> _EXERCISE INSTRUCTIONS_
In the entries below, find the line with "Se puede visualizar, que" and the line with "10月9日,袁隆平院士工作站". Reproduce those two lines and every line between them exactly, and nothing more.
DATA: Begin
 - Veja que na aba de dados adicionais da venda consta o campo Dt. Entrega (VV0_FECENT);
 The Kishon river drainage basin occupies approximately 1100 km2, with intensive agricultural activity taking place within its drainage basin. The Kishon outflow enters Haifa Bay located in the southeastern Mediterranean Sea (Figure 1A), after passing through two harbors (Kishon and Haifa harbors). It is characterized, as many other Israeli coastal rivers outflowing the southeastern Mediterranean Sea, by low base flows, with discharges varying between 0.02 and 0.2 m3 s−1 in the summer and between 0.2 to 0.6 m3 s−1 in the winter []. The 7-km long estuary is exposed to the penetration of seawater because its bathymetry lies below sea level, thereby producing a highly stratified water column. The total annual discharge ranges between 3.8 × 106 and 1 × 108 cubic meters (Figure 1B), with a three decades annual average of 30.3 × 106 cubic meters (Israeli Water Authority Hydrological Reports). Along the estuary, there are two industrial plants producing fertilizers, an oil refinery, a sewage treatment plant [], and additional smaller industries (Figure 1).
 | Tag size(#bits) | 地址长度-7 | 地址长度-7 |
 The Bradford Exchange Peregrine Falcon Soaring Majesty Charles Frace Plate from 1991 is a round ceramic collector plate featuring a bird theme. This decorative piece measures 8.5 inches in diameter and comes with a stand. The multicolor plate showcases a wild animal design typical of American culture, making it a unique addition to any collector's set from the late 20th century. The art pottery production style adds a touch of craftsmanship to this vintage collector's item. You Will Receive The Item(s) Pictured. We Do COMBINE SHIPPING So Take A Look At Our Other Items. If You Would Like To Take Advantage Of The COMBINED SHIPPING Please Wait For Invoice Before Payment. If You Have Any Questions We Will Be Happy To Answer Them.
DATA: End
DATA: Begin
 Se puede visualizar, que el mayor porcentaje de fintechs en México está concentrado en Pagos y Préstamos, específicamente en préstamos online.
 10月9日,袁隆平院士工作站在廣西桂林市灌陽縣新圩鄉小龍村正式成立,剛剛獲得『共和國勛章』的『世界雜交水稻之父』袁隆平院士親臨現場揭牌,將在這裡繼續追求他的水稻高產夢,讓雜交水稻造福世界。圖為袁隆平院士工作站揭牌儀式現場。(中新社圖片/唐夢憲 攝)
DATA: End
DATA: Begin
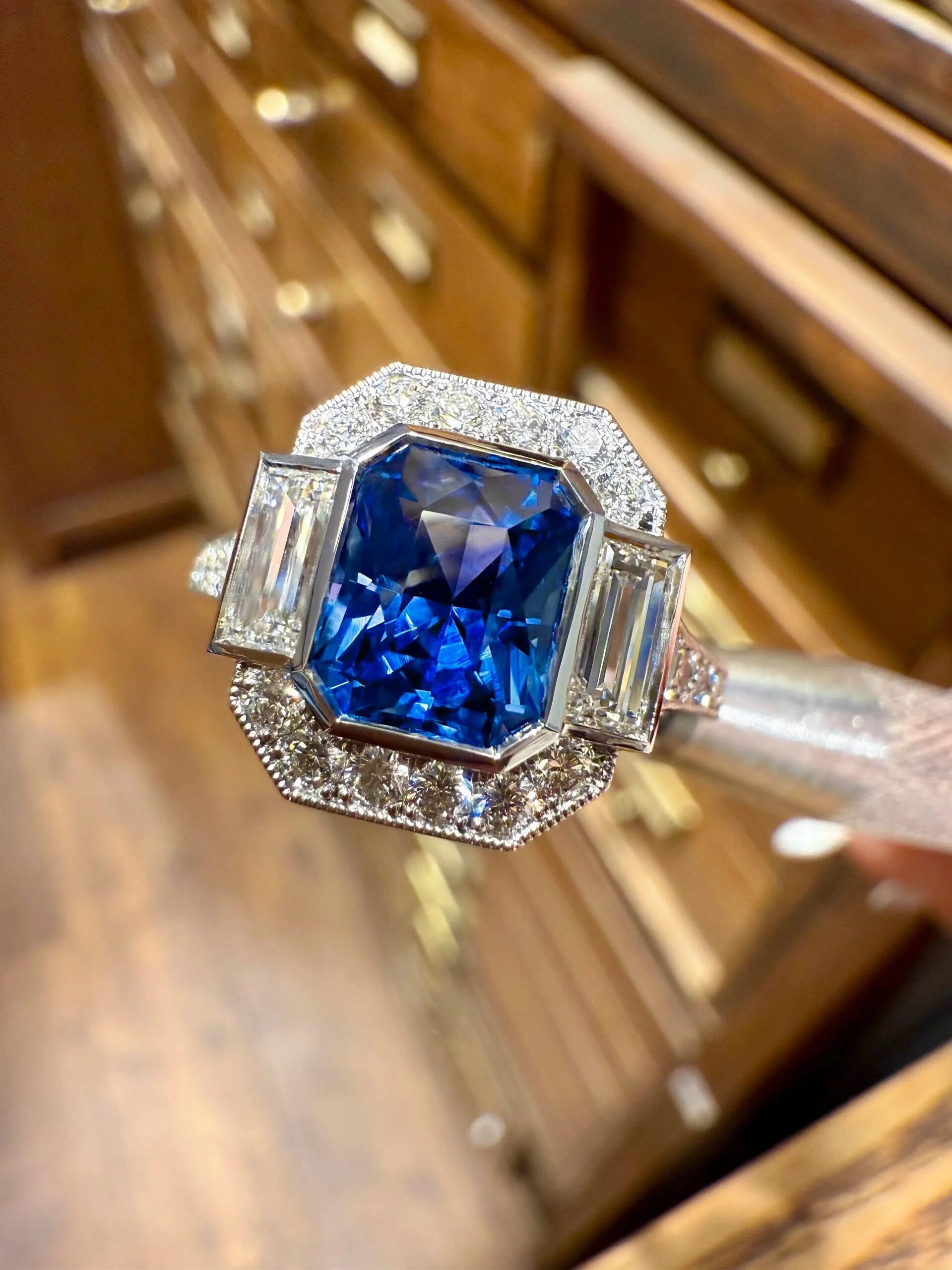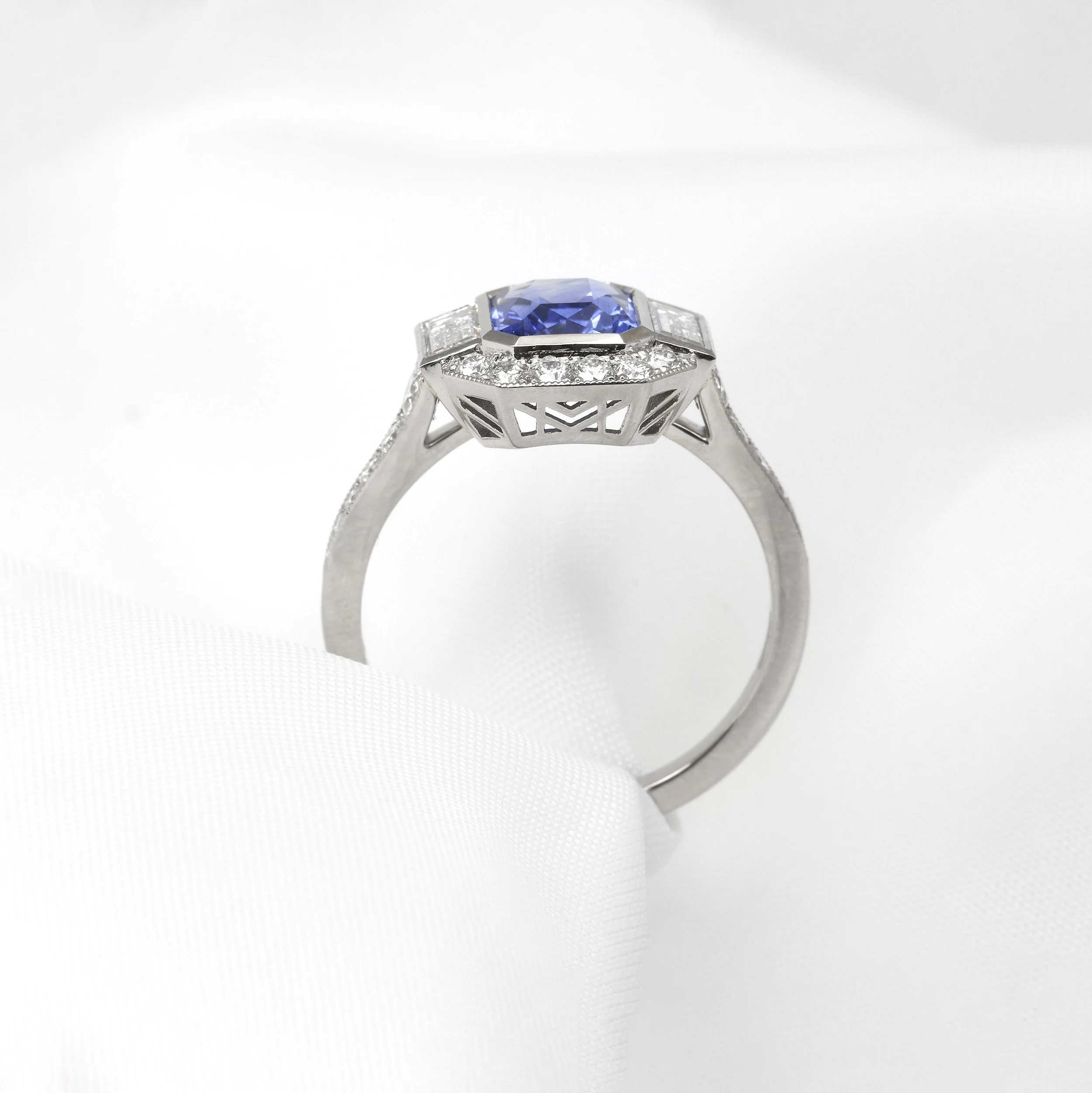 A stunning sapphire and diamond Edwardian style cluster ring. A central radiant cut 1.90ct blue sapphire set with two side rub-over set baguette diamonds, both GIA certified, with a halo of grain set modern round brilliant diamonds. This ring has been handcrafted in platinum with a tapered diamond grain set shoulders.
DATA: End
> _EXERCISE RESPONSE_
 Se puede visualizar, que el mayor porcentaje de fintechs en México está concentrado en Pagos y Préstamos, específicamente en préstamos online.
 10月9日,袁隆平院士工作站在廣西桂林市灌陽縣新圩鄉小龍村正式成立,剛剛獲得『共和國勛章』的『世界雜交水稻之父』袁隆平院士親臨現場揭牌,將在這裡繼續追求他的水稻高產夢,讓雜交水稻造福世界。圖為袁隆平院士工作站揭牌儀式現場。(中新社圖片/唐夢憲 攝)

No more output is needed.